- Interactive map of Wild Cat Conservation Centre
- Type: conservation centre
- Location: Carrs Rd Wilberforce, New South Wales, Australia.
- Coordinates: 33°31′51″S 150°50′50″E﻿ / ﻿33.530946°S 150.847221°E
- Other information: ZAA accredited member due to its conservation work^{[citation needed]}
- Website: wildcatcentre.org.au

= Wild Cat Conservation Centre =

Conservation centre in New South Wales, Australia

Wild Cat Conservation Centre is a wild felid conservation centre in Wilberforce, New South Wales, Australia. It is a privately owned facility of 10 hectares northeast of Sydney and operates as a charitable organisation. The centre focuses on wild felid conservation, particularly smaller, less well known, species.

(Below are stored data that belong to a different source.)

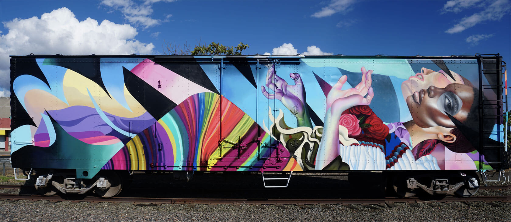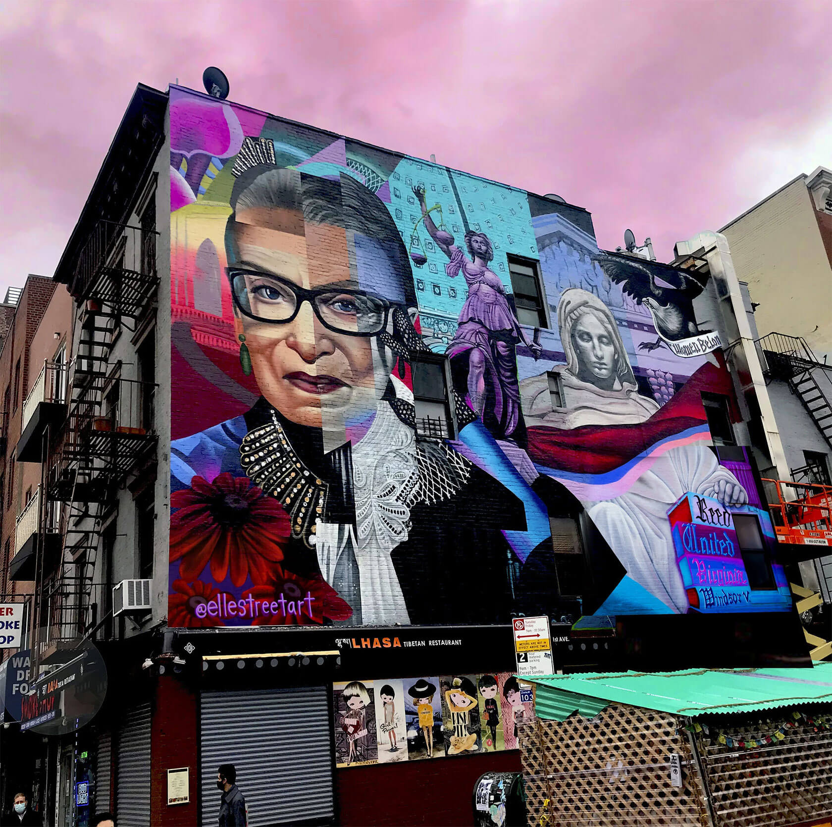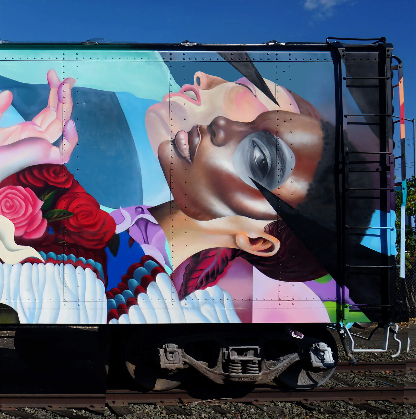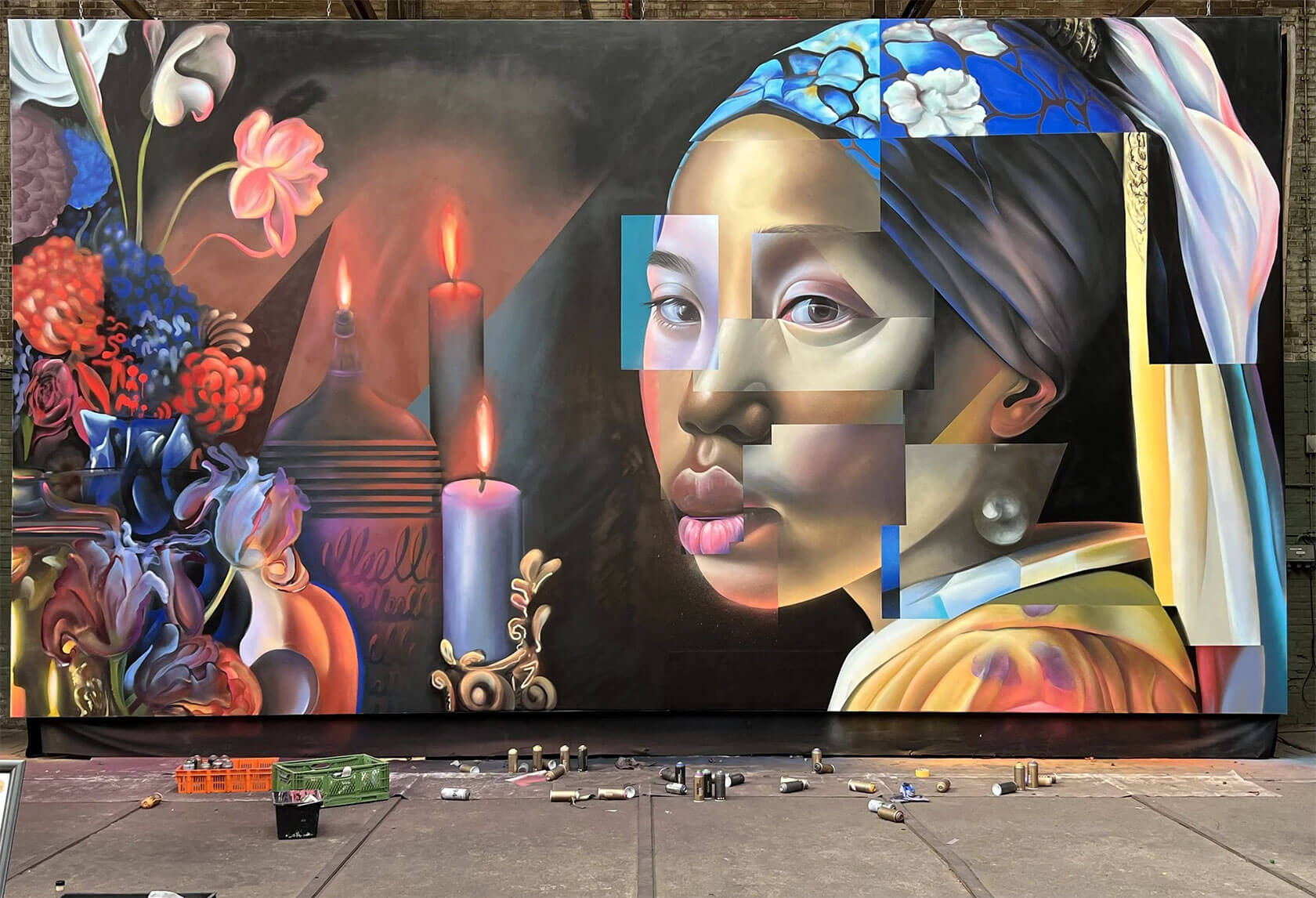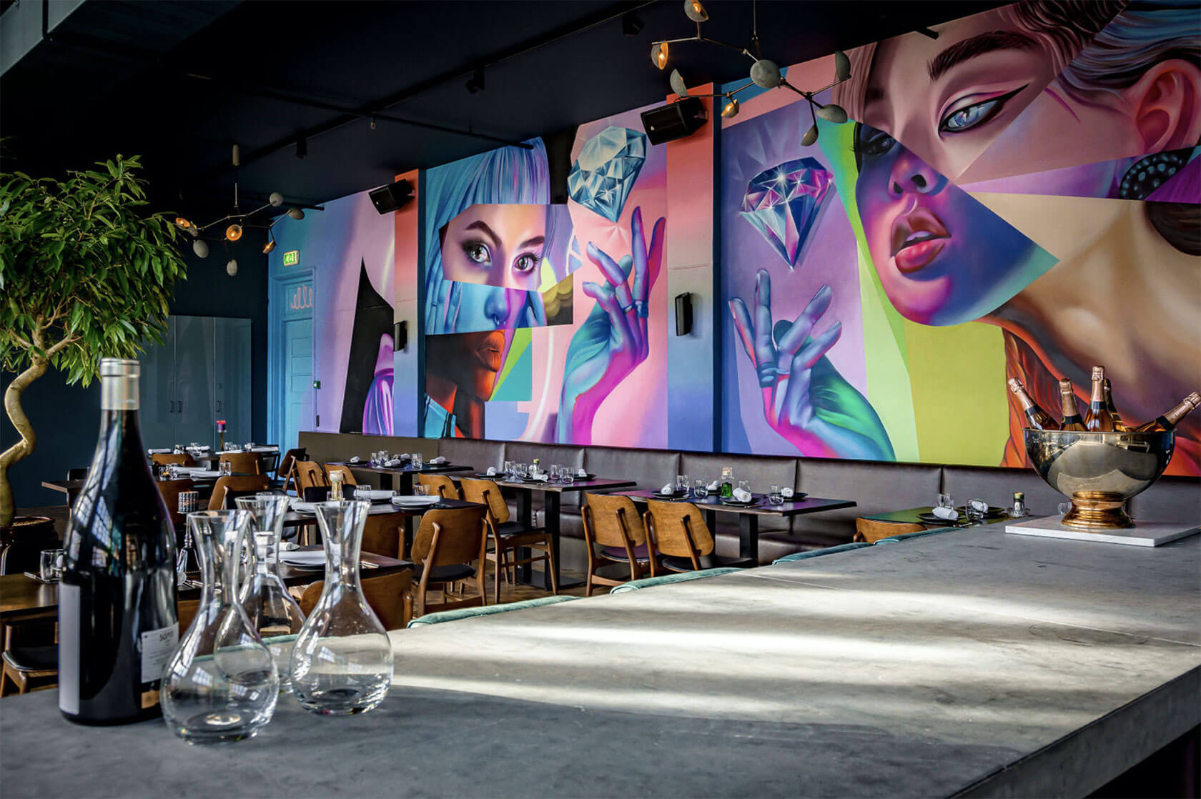She works across outdoor murals, indoor installations and canvas pieces, painting everything from towering façades in New York, Berlin and Melbourne to immersive interiors that transform restaurants and galleries into cinematic environments.
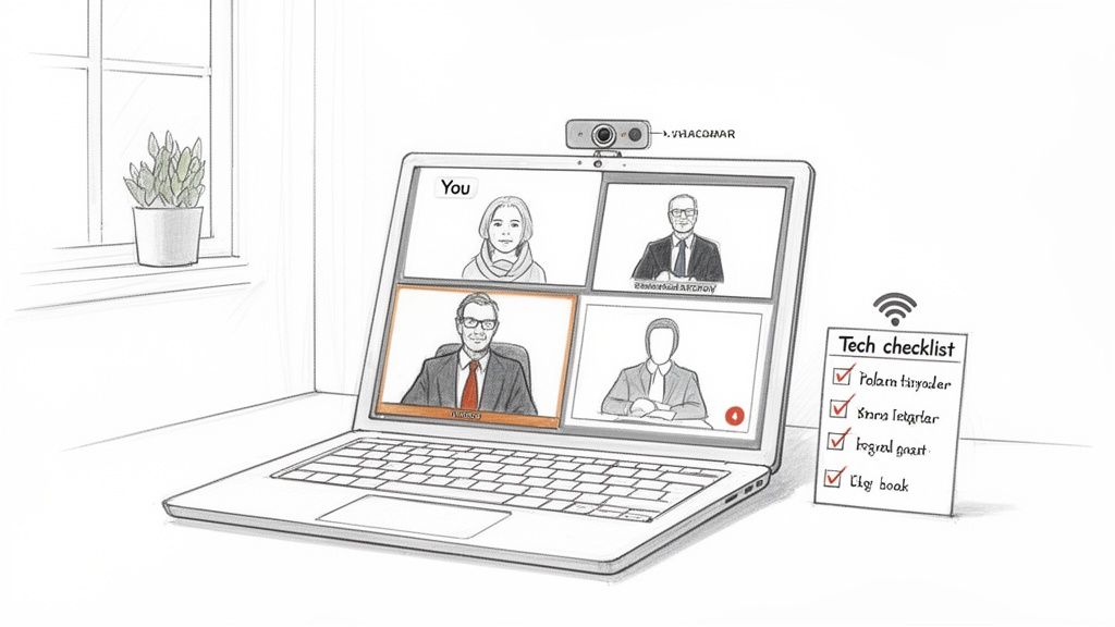 - Check Your Background: Keep what's behind you neutral and clean. A plain wall or a tidy bookshelf works perfectly. Steer clear of personal photos, messy areas, or virtual backgrounds, which can be distracting.
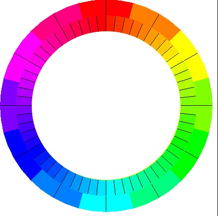 Now the serious aspect... We can run the clock in a slightly different mode to see how easy it is to tell changes in Hue - the whole clock changes from one hue to another at random-ish intervals. Unless you are perfect (i.e. a woman) and have an excellent display (i.e. expensive), I think you will not be able to tell all the Hues apart. I've included three hue shift increments, starting with 12 changes (i.e. the same as the hours on the clock), down to seconds (or 6 degrees of change). Every time the clock changes hue you need to press any key (spacebar is easiest) to say you have seen the change, and then at the end it will display which hue changes you missed.

Though the educational and conservational purpose of the centre is concerned with protecting all wild cat species, Ben Britton the owner and director of the facility established the centre because 99% of the international felid conservation funding was directed towards only the seven largest species of the forty different wild cats in the world.

Clouded leopards Cinta, Mark, Moana and Tai are the only four to be kept in Australasia with the park actively involved in an international conservation program for the cats which are listed as a vulnerable species by the IUCN (International Union for conservation of nature).

Caracal duo Kaia and Kato were the first pair in Australia to produce kittens when a pair were born to them at the park in March 2020.

The centre is home to five different wild cat species:
- Caracal
- Cheetah
- Clouded leopard
- Fishing cat
- Serval

The centre also houses two marmoset monkey species and eight reptile species.